Below are records with pictures in them. Output exactly the lines from the one with "CANNOT BE RETURNED" through the one with "- 【桃】酒器ぐい呑み:赤漆四方盃一対 宗悦塗 芳月作", both included, and leave every picture out; give only those lines.

ENTRIES SUPPLIED section start

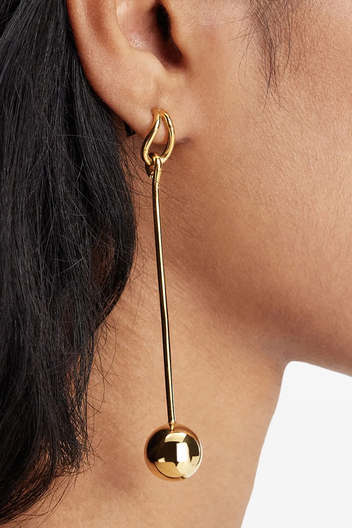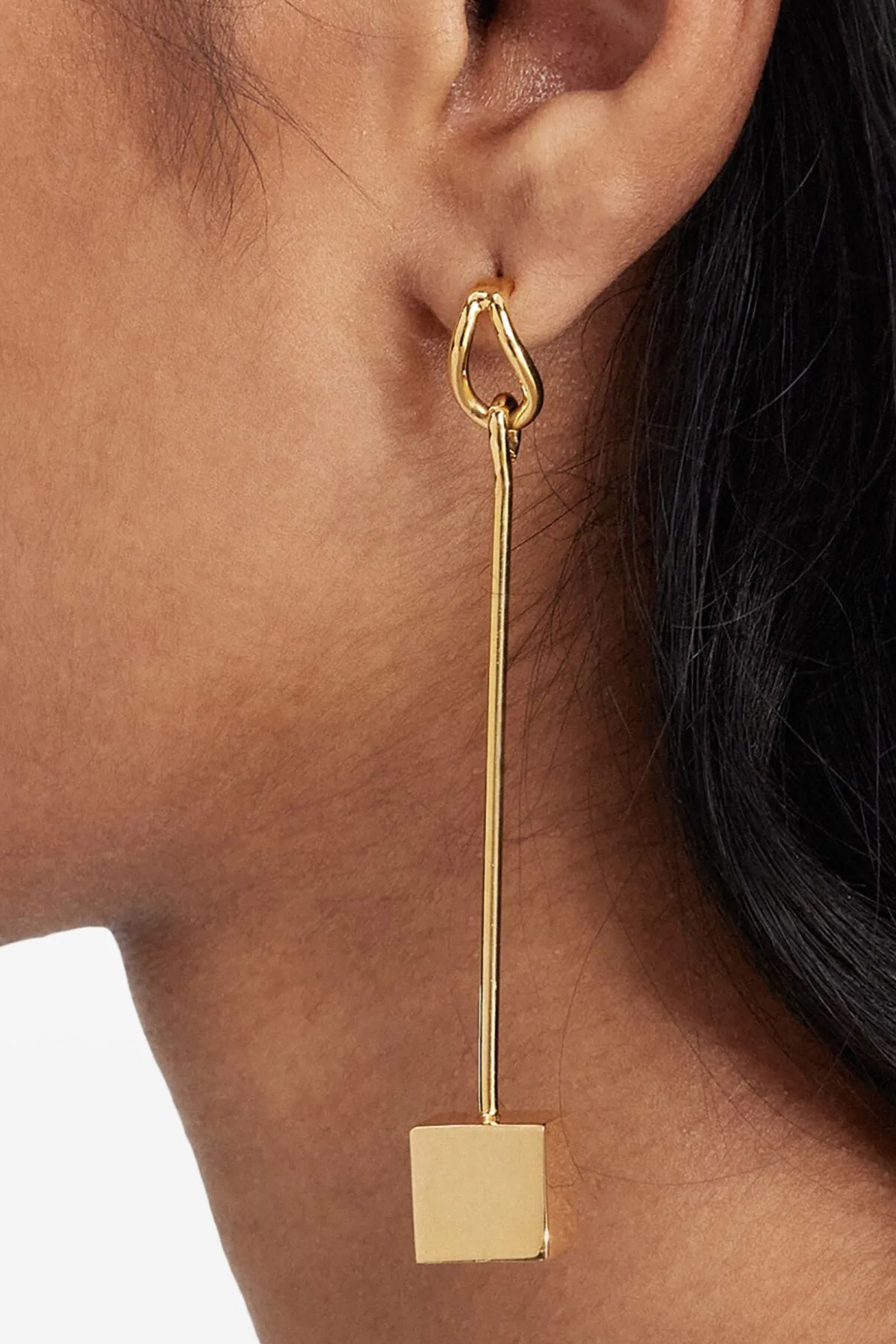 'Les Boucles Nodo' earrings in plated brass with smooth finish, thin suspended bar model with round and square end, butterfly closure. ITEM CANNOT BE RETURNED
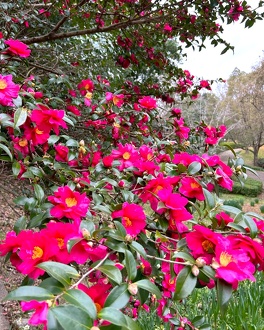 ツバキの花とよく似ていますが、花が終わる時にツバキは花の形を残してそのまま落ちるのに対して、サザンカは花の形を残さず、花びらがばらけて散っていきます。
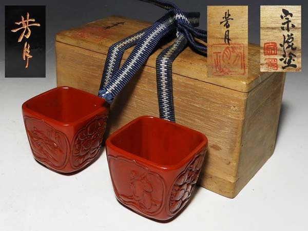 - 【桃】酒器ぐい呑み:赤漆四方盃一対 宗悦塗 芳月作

ENTRIES SUPPLIED section end
ENTRIES SUPPLIED section start

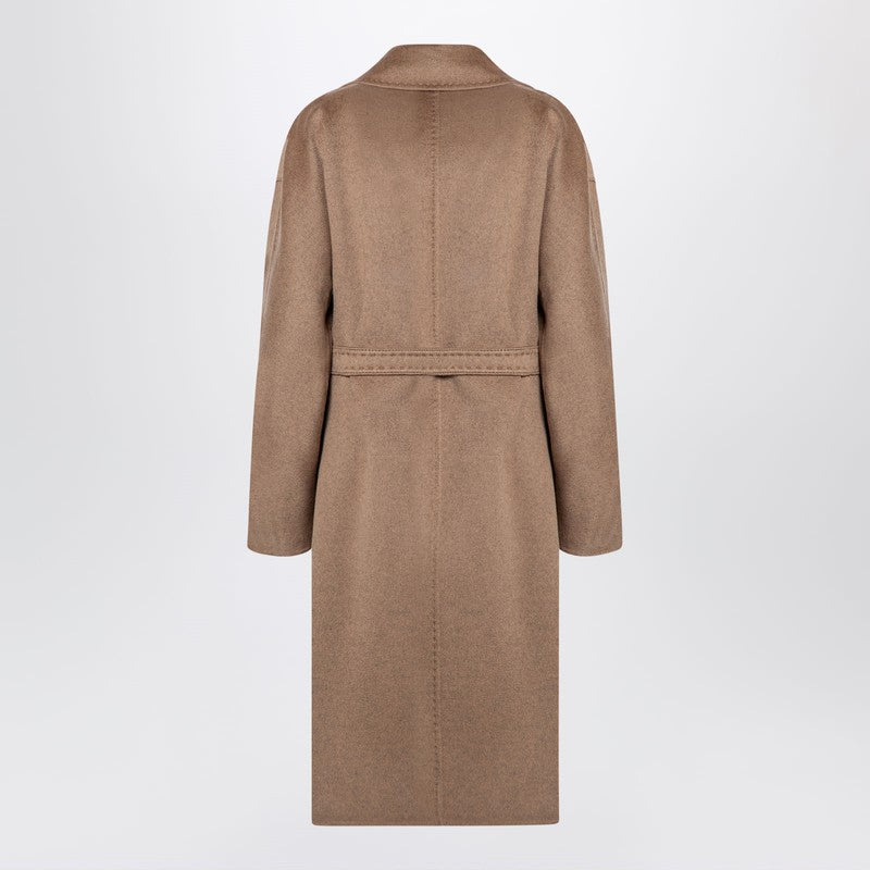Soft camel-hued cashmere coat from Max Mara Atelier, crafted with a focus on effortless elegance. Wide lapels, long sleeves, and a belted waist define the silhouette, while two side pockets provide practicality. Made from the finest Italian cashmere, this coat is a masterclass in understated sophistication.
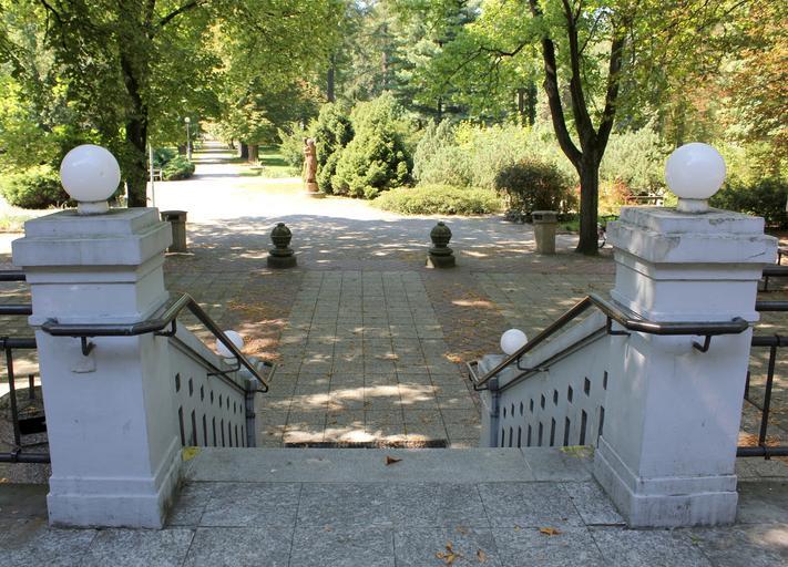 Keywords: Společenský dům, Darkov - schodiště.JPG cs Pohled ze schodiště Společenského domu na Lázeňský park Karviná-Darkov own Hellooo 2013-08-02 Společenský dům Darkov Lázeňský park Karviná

ENTRIES SUPPLIED section end
ENTRIES SUPPLIED section start

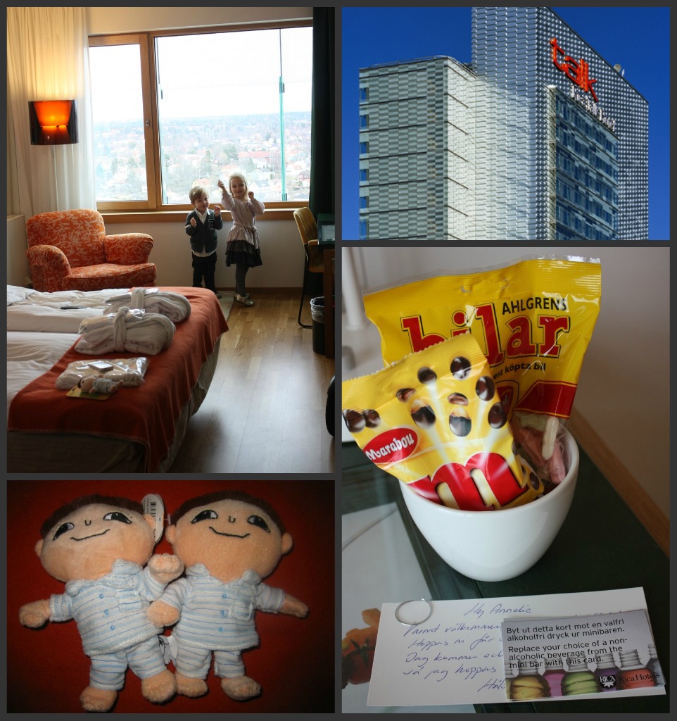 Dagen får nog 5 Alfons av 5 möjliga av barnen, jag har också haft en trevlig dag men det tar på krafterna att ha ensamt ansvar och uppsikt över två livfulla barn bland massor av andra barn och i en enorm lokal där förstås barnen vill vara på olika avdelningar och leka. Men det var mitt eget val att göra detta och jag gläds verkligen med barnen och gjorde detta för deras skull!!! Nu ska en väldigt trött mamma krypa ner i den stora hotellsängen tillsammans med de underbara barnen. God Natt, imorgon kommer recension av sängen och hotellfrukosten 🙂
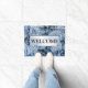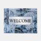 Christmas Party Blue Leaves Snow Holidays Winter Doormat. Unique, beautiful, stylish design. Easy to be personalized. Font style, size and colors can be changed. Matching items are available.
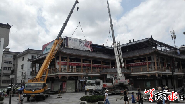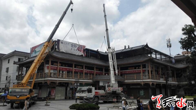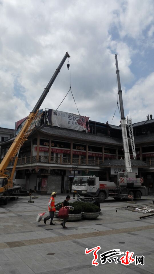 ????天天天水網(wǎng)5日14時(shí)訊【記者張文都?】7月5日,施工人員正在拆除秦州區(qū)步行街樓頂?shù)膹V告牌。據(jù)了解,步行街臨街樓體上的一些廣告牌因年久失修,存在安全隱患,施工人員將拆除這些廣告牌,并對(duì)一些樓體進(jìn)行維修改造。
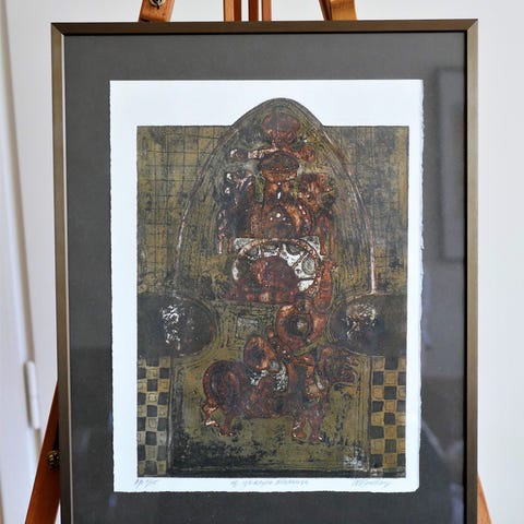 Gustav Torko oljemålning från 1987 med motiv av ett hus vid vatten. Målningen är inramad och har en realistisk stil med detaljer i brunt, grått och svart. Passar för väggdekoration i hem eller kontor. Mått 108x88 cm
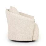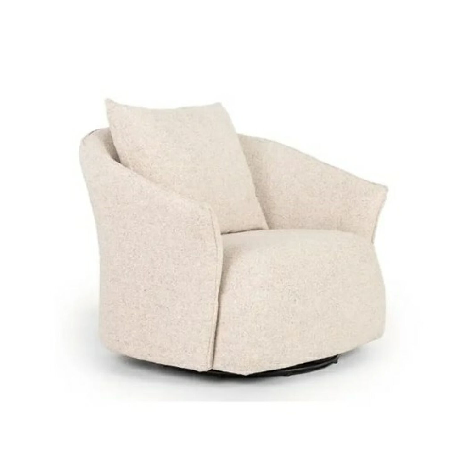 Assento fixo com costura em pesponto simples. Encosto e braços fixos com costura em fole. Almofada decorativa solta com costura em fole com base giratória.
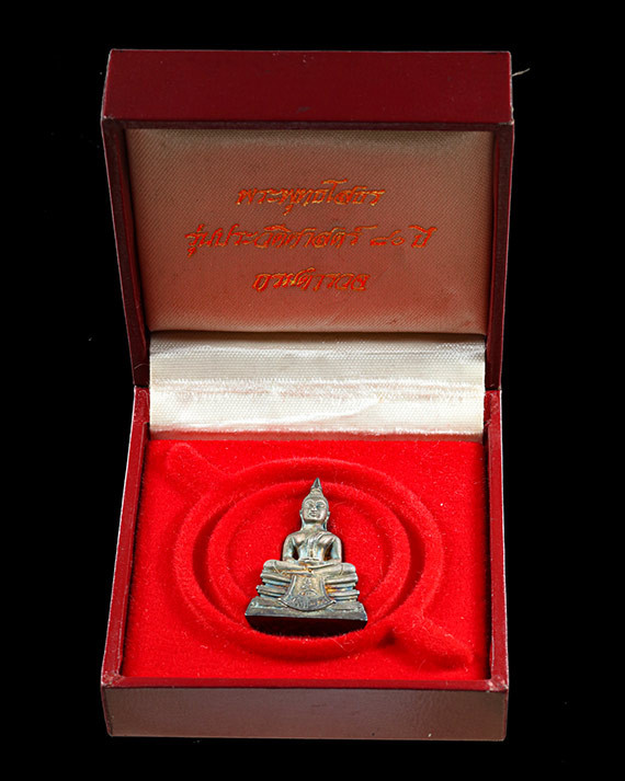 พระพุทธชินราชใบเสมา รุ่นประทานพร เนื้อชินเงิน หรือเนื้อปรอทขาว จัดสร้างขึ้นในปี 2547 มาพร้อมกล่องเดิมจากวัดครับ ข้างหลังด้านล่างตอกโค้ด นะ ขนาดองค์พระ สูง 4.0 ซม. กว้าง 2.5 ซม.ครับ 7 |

ENTRIES SUPPLIED section end

→ TASK RESPONSE
 'Les Boucles Nodo' earrings in plated brass with smooth finish, thin suspended bar model with round and square end, butterfly closure. ITEM CANNOT BE RETURNED
 ツバキの花とよく似ていますが、花が終わる時にツバキは花の形を残してそのまま落ちるのに対して、サザンカは花の形を残さず、花びらがばらけて散っていきます。
 - 【桃】酒器ぐい呑み:赤漆四方盃一対 宗悦塗 芳月作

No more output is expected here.